EXERCISE GOAL. Give back an exact copy of the lines in the records below, from the line that has "The VIGO Sintra" through the line that has "项目包含三个地块、四位业主、", and nothing besides.

GIVEN RECORDS.
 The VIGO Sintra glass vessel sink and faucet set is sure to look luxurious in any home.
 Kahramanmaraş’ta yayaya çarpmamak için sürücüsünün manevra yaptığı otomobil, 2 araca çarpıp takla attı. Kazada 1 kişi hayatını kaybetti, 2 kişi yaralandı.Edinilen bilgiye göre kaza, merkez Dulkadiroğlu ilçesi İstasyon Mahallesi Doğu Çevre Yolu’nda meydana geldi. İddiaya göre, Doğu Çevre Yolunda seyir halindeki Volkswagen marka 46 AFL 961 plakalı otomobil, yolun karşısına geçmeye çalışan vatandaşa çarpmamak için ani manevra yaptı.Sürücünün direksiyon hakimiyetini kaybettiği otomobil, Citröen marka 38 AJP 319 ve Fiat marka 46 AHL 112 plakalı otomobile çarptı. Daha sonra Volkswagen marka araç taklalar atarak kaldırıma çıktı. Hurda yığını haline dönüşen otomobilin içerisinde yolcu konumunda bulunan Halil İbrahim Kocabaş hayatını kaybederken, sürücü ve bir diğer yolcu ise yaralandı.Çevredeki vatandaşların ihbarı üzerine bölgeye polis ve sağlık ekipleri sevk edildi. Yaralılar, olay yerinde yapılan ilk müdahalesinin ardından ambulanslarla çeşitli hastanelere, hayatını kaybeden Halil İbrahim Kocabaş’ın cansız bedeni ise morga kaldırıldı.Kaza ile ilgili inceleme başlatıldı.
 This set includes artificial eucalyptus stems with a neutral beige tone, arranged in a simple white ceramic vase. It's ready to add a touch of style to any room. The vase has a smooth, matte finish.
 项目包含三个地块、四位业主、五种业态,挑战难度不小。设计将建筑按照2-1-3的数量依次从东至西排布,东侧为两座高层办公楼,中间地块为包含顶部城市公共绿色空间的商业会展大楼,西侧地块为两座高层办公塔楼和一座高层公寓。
==
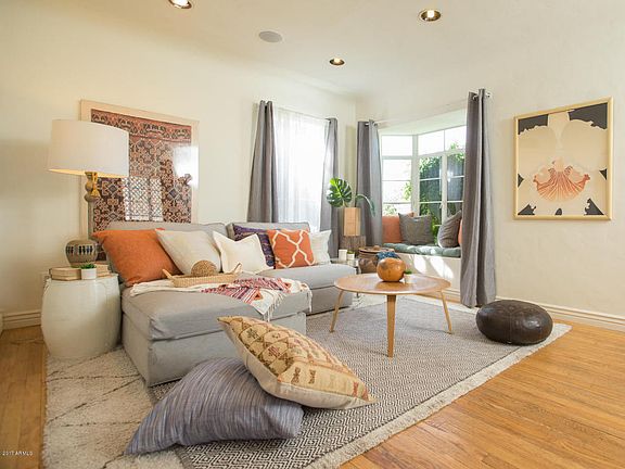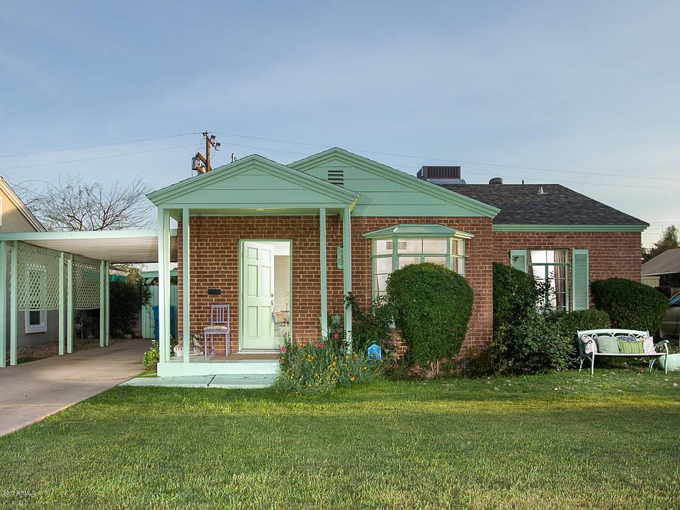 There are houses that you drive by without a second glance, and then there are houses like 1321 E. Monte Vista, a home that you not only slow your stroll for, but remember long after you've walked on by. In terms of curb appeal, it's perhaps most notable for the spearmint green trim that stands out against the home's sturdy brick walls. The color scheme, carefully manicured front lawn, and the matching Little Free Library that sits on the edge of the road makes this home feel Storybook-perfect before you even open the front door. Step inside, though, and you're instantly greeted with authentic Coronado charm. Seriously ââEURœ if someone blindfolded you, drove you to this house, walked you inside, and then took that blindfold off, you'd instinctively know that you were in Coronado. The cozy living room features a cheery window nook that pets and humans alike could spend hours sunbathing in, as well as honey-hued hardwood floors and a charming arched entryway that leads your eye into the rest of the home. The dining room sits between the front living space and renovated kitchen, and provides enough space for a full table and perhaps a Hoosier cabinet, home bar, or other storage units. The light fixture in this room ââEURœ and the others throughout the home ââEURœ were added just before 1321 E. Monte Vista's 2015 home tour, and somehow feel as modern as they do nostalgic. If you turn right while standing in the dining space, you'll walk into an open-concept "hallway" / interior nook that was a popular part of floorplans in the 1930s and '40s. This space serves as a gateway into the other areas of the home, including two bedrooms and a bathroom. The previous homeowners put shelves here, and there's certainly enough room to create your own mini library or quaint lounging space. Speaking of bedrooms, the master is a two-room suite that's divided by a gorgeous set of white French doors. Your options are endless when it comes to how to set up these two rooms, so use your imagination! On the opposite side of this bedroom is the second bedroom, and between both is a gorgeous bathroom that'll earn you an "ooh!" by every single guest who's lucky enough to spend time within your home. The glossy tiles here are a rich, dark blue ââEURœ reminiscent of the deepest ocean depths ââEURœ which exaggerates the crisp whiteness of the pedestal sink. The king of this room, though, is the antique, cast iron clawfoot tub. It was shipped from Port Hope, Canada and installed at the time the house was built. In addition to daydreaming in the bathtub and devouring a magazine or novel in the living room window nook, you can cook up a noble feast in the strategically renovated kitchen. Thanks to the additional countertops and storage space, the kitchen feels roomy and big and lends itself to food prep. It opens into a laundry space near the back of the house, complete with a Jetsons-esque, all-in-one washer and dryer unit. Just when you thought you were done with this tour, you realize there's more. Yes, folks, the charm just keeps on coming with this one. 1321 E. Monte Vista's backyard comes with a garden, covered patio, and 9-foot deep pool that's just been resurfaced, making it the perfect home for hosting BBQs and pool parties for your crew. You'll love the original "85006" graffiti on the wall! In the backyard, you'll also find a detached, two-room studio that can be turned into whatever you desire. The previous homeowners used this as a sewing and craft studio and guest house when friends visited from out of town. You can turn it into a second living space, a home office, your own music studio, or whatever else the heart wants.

ANSWER TO THE EXERCISE.
 The VIGO Sintra glass vessel sink and faucet set is sure to look luxurious in any home.
 Kahramanmaraş’ta yayaya çarpmamak için sürücüsünün manevra yaptığı otomobil, 2 araca çarpıp takla attı. Kazada 1 kişi hayatını kaybetti, 2 kişi yaralandı.Edinilen bilgiye göre kaza, merkez Dulkadiroğlu ilçesi İstasyon Mahallesi Doğu Çevre Yolu’nda meydana geldi. İddiaya göre, Doğu Çevre Yolunda seyir halindeki Volkswagen marka 46 AFL 961 plakalı otomobil, yolun karşısına geçmeye çalışan vatandaşa çarpmamak için ani manevra yaptı.Sürücünün direksiyon hakimiyetini kaybettiği otomobil, Citröen marka 38 AJP 319 ve Fiat marka 46 AHL 112 plakalı otomobile çarptı. Daha sonra Volkswagen marka araç taklalar atarak kaldırıma çıktı. Hurda yığını haline dönüşen otomobilin içerisinde yolcu konumunda bulunan Halil İbrahim Kocabaş hayatını kaybederken, sürücü ve bir diğer yolcu ise yaralandı.Çevredeki vatandaşların ihbarı üzerine bölgeye polis ve sağlık ekipleri sevk edildi. Yaralılar, olay yerinde yapılan ilk müdahalesinin ardından ambulanslarla çeşitli hastanelere, hayatını kaybeden Halil İbrahim Kocabaş’ın cansız bedeni ise morga kaldırıldı.Kaza ile ilgili inceleme başlatıldı.
 This set includes artificial eucalyptus stems with a neutral beige tone, arranged in a simple white ceramic vase. It's ready to add a touch of style to any room. The vase has a smooth, matte finish.
 项目包含三个地块、四位业主、五种业态,挑战难度不小。设计将建筑按照2-1-3的数量依次从东至西排布,东侧为两座高层办公楼,中间地块为包含顶部城市公共绿色空间的商业会展大楼,西侧地块为两座高层办公塔楼和一座高层公寓。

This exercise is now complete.